1949 - Owing to ill health, Sekiryo retires and leaves the company to his grandson, Hiroshi Yamauchi. Hiroshi renames the company Nintendo Playing Cards Co.
1952 - Hiroshi decides to expand his business and move it to a newer premises in Kyoto, Japan. He would also begin streamlining his manufacturing plants.
1952 - Shigeru Miyamoto is born in the small town of Sonebe, outside of Kyoto in Japan.
Trivia - Nintendo was the first card manufacturer in Japan to lacquer its playing cards.
1953 - Yamauchi strikes a deal with Walt Disney that allows Nintendo to produce playing cards featuring popular Disney characters.
1963 - After raising more capital on the stock market, Yamauchi tries new ventures. Some of the least successful include instant rice, burlesque ‘love hotels’ and a taxi company. However, Nintendo’s toy division begins to show promise when one of its employees, Gunpei Yokoi, creates the Ultra Hand and it proves
a huge success.
1970 - Nintendo continues to grow within the toy market. Its next big hit is The Beam Gun: an early variation of a light-gun game co-developed by Sharp and developed by Masayuki Uemura.
Trivia - The Beam Gun made Nintendo the first company in Japan to use electronic components inside toys for children.
1973 - Nintendo adapts its Beam Gun idea into electronic Laser Skeet Shooting ranges and instals them into bowling alleys across the country.
1974 - The Beam Gun technology is used again in the arcade game Wild Gunman (which would eventually be ported to the NES and later made famous in the movie Back To The Future Part II).
Trivia - According to the screenwriter Bob Gale, on his commentary for the Back To The Future Part II DVD, the Wild Gunman arcade cab that appears in the movie was especially built for the film.
1975 - Shigeru Miyamoto graduates from the Kanazawa College
of Art with a degree in Industrial Design.
1975 - Yamauchi-san negotiates a deal with Magnavox that allows Nintendo to manufacture and sell the Odyssey (the first home videogame console) in Japan.
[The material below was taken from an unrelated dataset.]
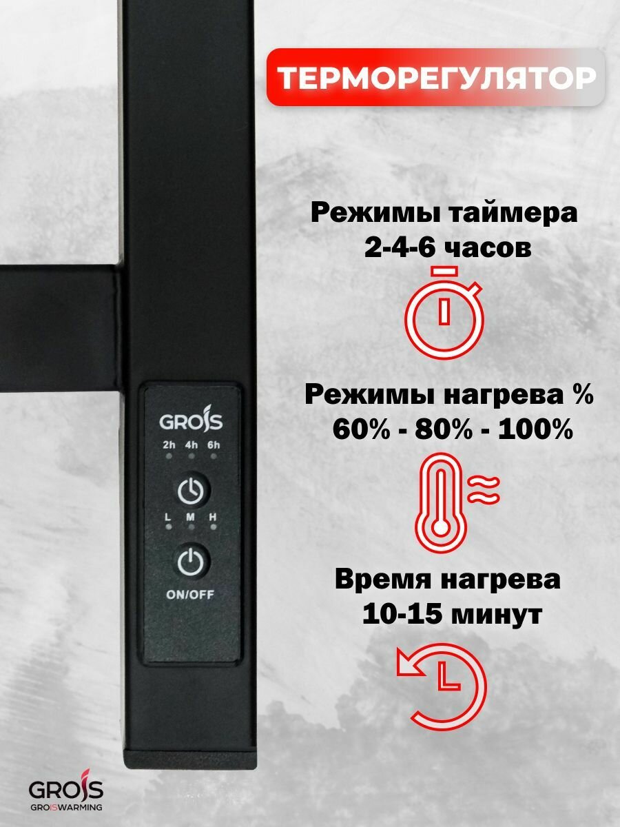 Полотенцесушитель Электрич. с/т GROIS Quartet GR-125 180х1500 П3 RAL 9005 R черный матовый
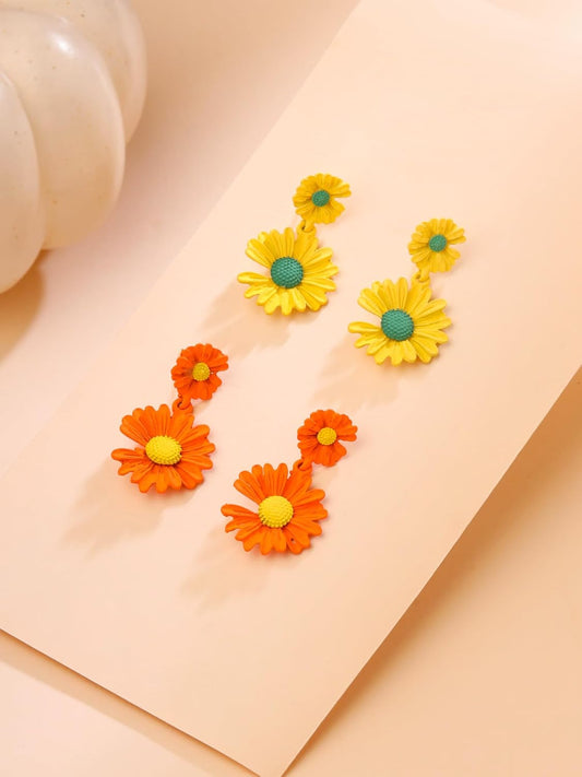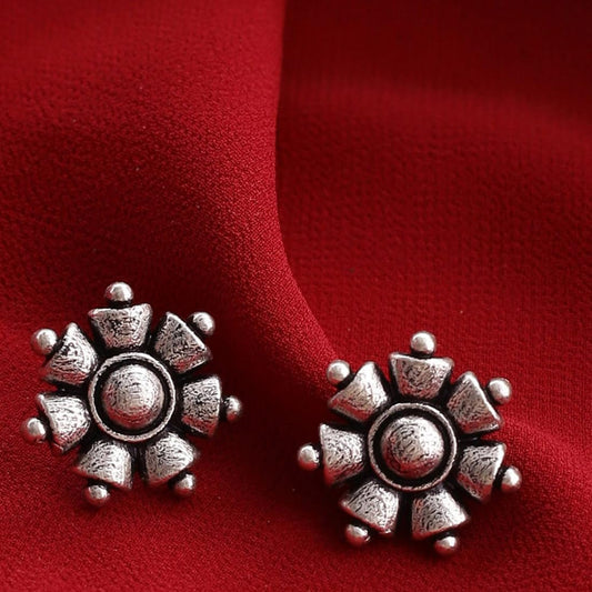 Floral Stud Earrings – Fashion Jewellery – Silver Brass, Anti-Tarnish Finish – Lightweight Design

1977 - Nintendo launches its first home videogame system: the Colour TV Game 6. It contains six variations of Pong and is later succeeded by the Colour TV Game 15. The machines are only released in Japan.
1978 - Nintendo releases the arcade games Computer Othello and Block Fever.
1979 - In a bid to capitalise on the success and popularity of Space Invaders, Nintendo releases its space shooter Radar Scope in arcades across Japan.
1979 - Yamauchi Hiroshi interviews Shigeru Miyamoto for a job as junior staff artist at Nintendo, and Miyamoto gets the job.
1980 - Nintendo of America Inc is established to oversee the distribution of arcade games for Nintendo in North America. Minoru Arakawa becomes president of Nintendo of America and proves a driving force behind its success in the US.
Trivia - The Game & Watch was the first LCD game to contain a microprocessor.
1980 - Gunpei Yokoi develops the first LCD handheld game for Nintendo: the Game & Watch. The first game released on the system is the juggling game, Ball.
1980 - Radar Scope fails to attract interest in the US. Miyamoto and Gunpei are asked to create a game that US arcade operators could install into Radar Scope cabs. Nintendo is confident that it will secure the videogame rights for the Popeye cartoon so it’s suggested that the pair develop a game around the characters.
1980 - The Popeye licence falls through, but an unperturbed Miyamotoswitches the characters for his own creations: Jump Man would replace Popeye; Lady/Pauline, Olive Oyl; and Donkey Kong, Bluto.
1981 - Donkey Kong is released in North America and earns Nintendo $180 million in its first year and $100 million in its second.
Trivia - Donkey Kong is the first videogame to ever have an attract screen – Donkey Kong is seen grabbing Pauline and carrying her to the top of the stage.
1982 - Nintendo vs Universal
Donkey Kong’s success caught the eye of Universal Studios, which felt the character was a direct infringement of its film King Kong. Nintendo was taken to court by the studio, but the judge ruled in Nintendo’s favour after it was brought to light that in a previous court case Universal fought to prove that the character of King Kong was within the pubic domain so it could make its movie. Nintendo was awarded $1.8 million from Universal.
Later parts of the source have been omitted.